Recently, in prayer, the Lord showed me an image that I had recently seen in an email titled Lord, Thy Will Be Done by Philip Hermogenes Calderon. It is of a woman with a baby in her arms, surrounded by all the tasks of her day (the mending, the tidying, the baking), all of which can bring anxiety and feelings of overwhelm. Except, the woman’s face was full of peace, for her eyes were set looking straight forward, fixated on her Lord. The One Who knows her the most. The One Who knows the demands of her vocation and the present moment. The One who is able to carry the load with her, to unite His yoke to hers.

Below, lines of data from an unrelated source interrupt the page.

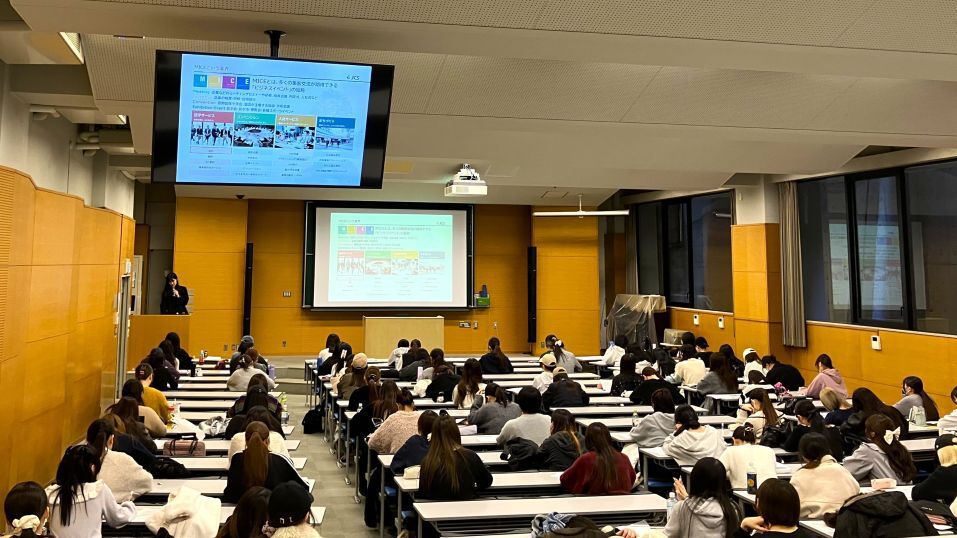 当社通訳手配管理部の御木が、大妻女子大学の講義「キャリアデザインⅡ・Ⅲ」に、2025年12月1日(月)、ゲストスピーカーとして登壇しました。本講義は、学生の皆さんが、将来の働き方や自身の価値観を整理し、主体的なキャリア選択につなげることを目的として実施されています。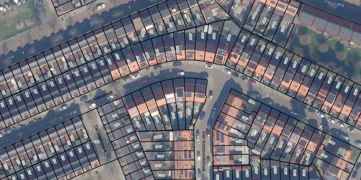 Het perceel waarop Ten Katestraat 34 staat heeft een oppervlakte van 151 m². Dit is een middelgroot perceel. De perceeloppervlakte wordt geregistreerd door het Kadaster. Gedetailleerde informatie over de maten van dit perceel kunt u vinden in het rapport Kadastrale kaart met maatvoering van Ten Katestraat 34.
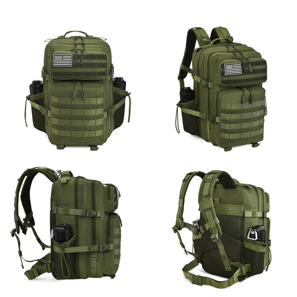This Green Tactical Backpack Molle tactical backpack has molle system, Molle webbing throughout for attaching additional tactical pouches or gear.MilitaryTactical backpack with double-stitched, Heavy duty zippers and utility-style cord pulls, Side and front load compression system, mesh padded back area & shoulder strap.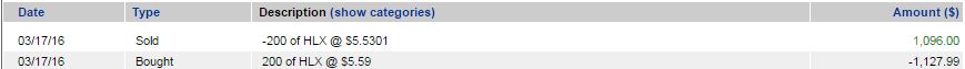 My first trade was $HLX. I sent my order at 5.59 and got executed. It was nearly 30 cents from its HOD and I was looking to sell at that level.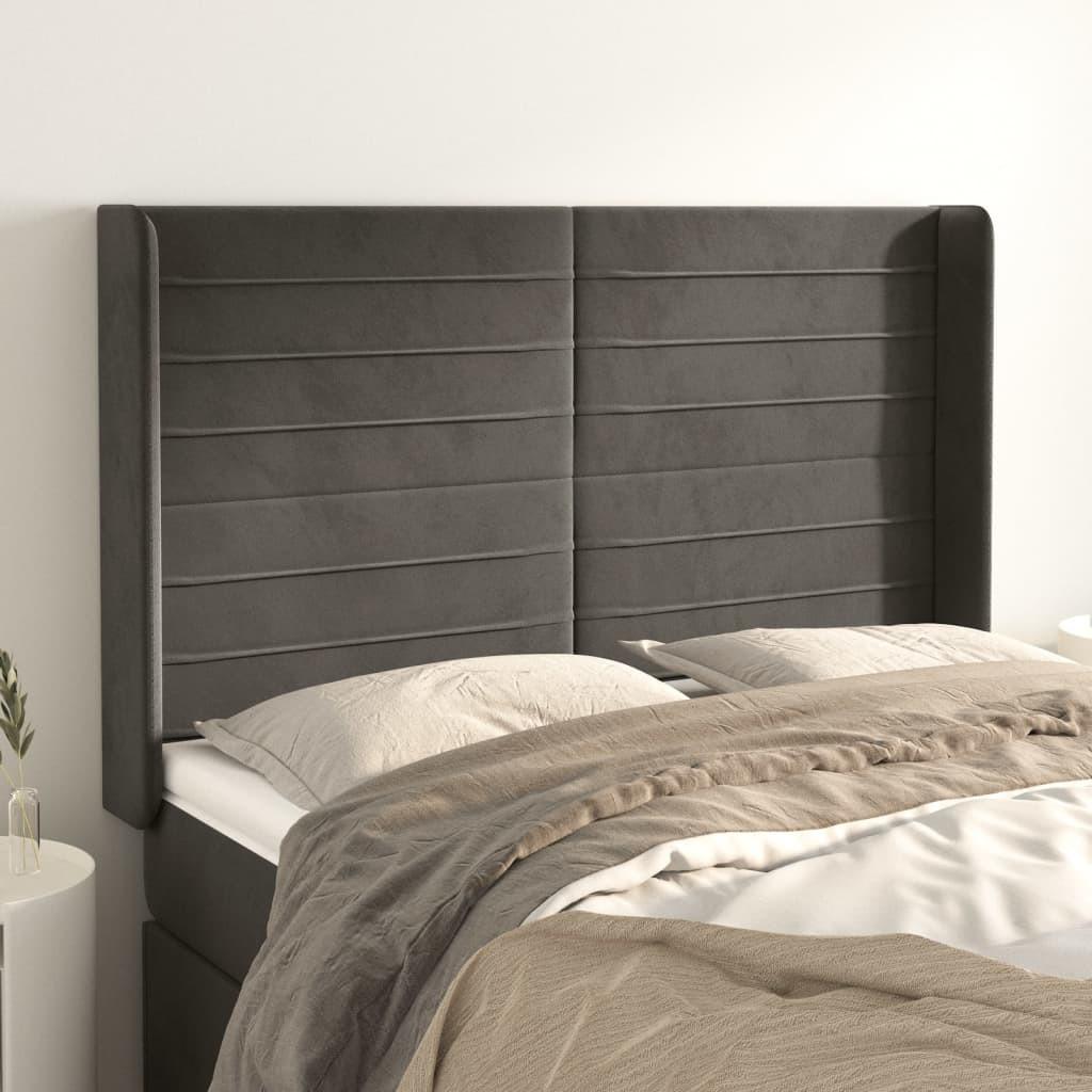 Sengegavl med kanter 147x16x118/128 cm fløjl mørkegrå

Now I’ll ask you to visualize another woman. A wife and mother with three young children all three and under. Surrounded by her to do list of cleaning up magnetic tiles, playdoh messes, and crumbs, folding laundry, meal prepping - all very ordinary, mundane tasks. Tasks that had started to creep in on her peace, taking away joy in the little moments of answering the call of her daughter, teaching her son how to throw a ball, and nurse her baby. Tasks that had started to feel very heavy and insignificant. Tasks that had started to fuel perfectionism and anxiety.
That was me, two years ago. I was struggling with postpartum anxiety and keeping up with the demands of the season. I felt isolated and depleted. On one hard day, praise be to God, the Holy Spirit prompted me to head to our parish’s Adoration chapel. As soon as my husband walked in the door, on the verge of tears, I told him “I’m leaving to see Jesus. I’ll be back later.”

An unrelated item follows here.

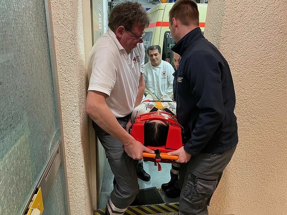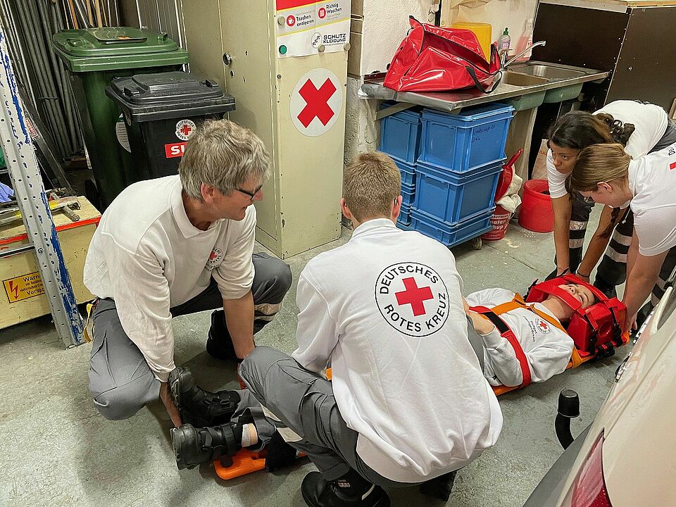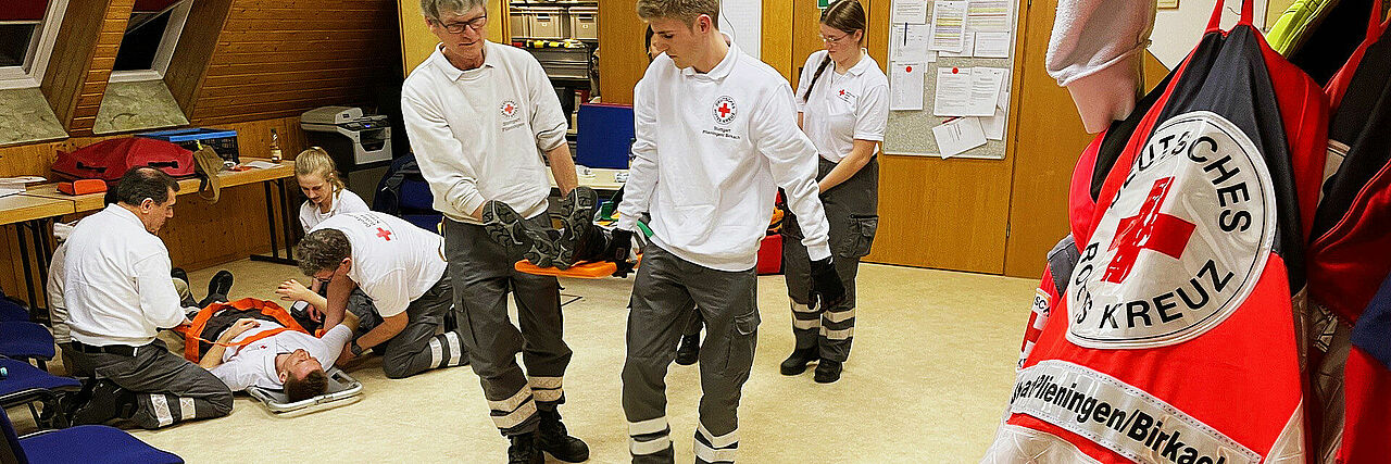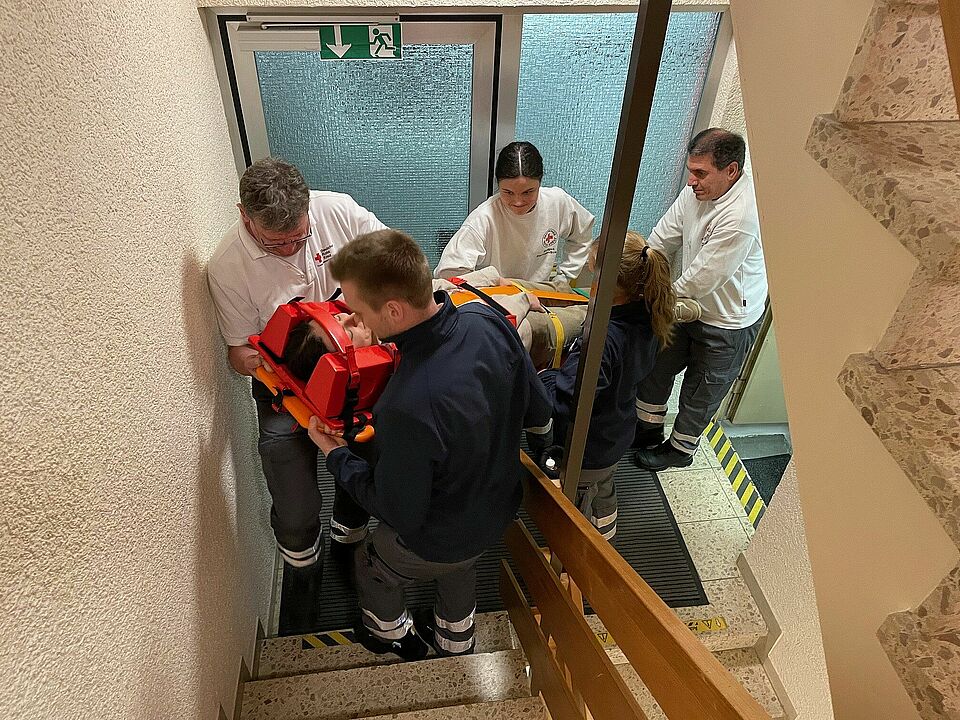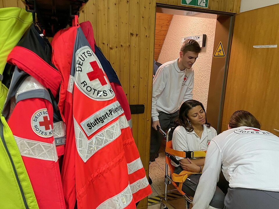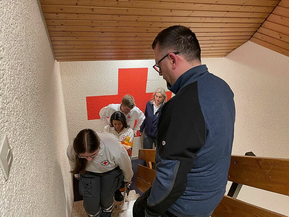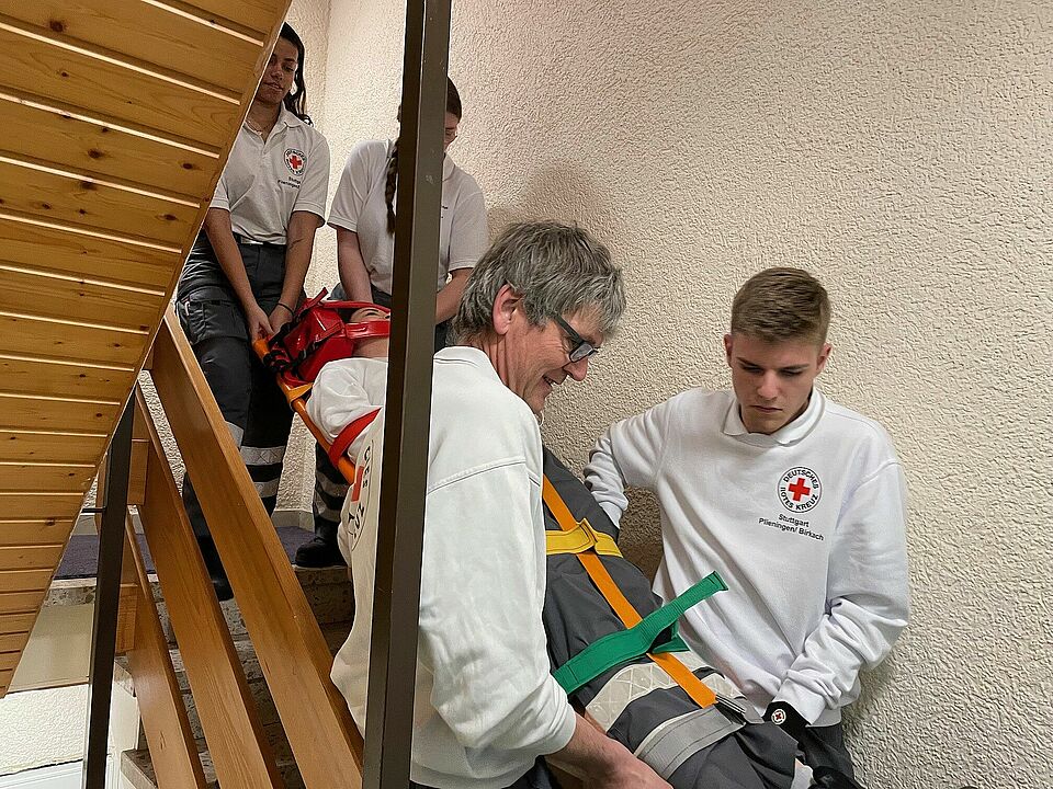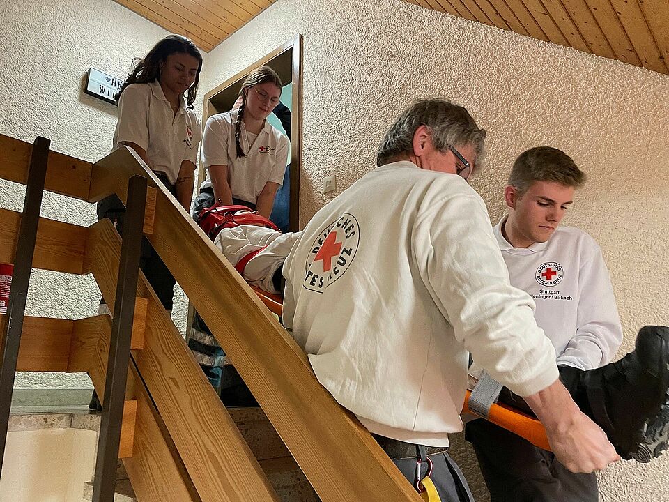 Mitten im alten Ortskern von Plieningen, dem südlichsten Stuttgarter Stadtbezirk, wo sich sonst keine andere sanitätsdienstliche Hilfsorganisation befindet, liegt es: Das Bereitschaftsheim des DRK Plieningen/Birkach, wo dieses Jahr 60. Gründungsjahr gefeiert wird. An diesem Mittwochabend steht beim Bereitschaftsabend für die ehrenamtlich aktiven Helferinnen und Helfer die Übung an: Wie transportiert man Verletzte durch ein enges Treppenhaus und über Hindernisse? Kniffliger Job, der im tatsächlich sehr engen Treppenhaus des Bereitschaftheims bestens geübt werden kann.

I drove in silence, using the stillness to quiet my mind and heart. Asking Jesus to come and transform me to be more like Him, to make this not as heavy. I told Him this vocation of marriage and motherhood is all I’ve ever prayed for and felt guilty for the fog of ungratefulness and bitterness. The enemy had come into my mind and released lies that brought wounds of insecurity, pride, and vanity to the surface. I prayed for deliverance and freedom.
I walked up to the chapel doors and keyed in the code. Red light. I tried again, red light again. I grabbed my phone and quickly went to the parish website to search for the code. I didn’t have the wrong number. Then I remembered, the sound system in the church was being replaced and they had made an announcement that the church would be closed. Now the tears from earlier turned into cries and my heart sunk in disappointment. I turned around to head back to my van and saw the sun shining down on the grotto.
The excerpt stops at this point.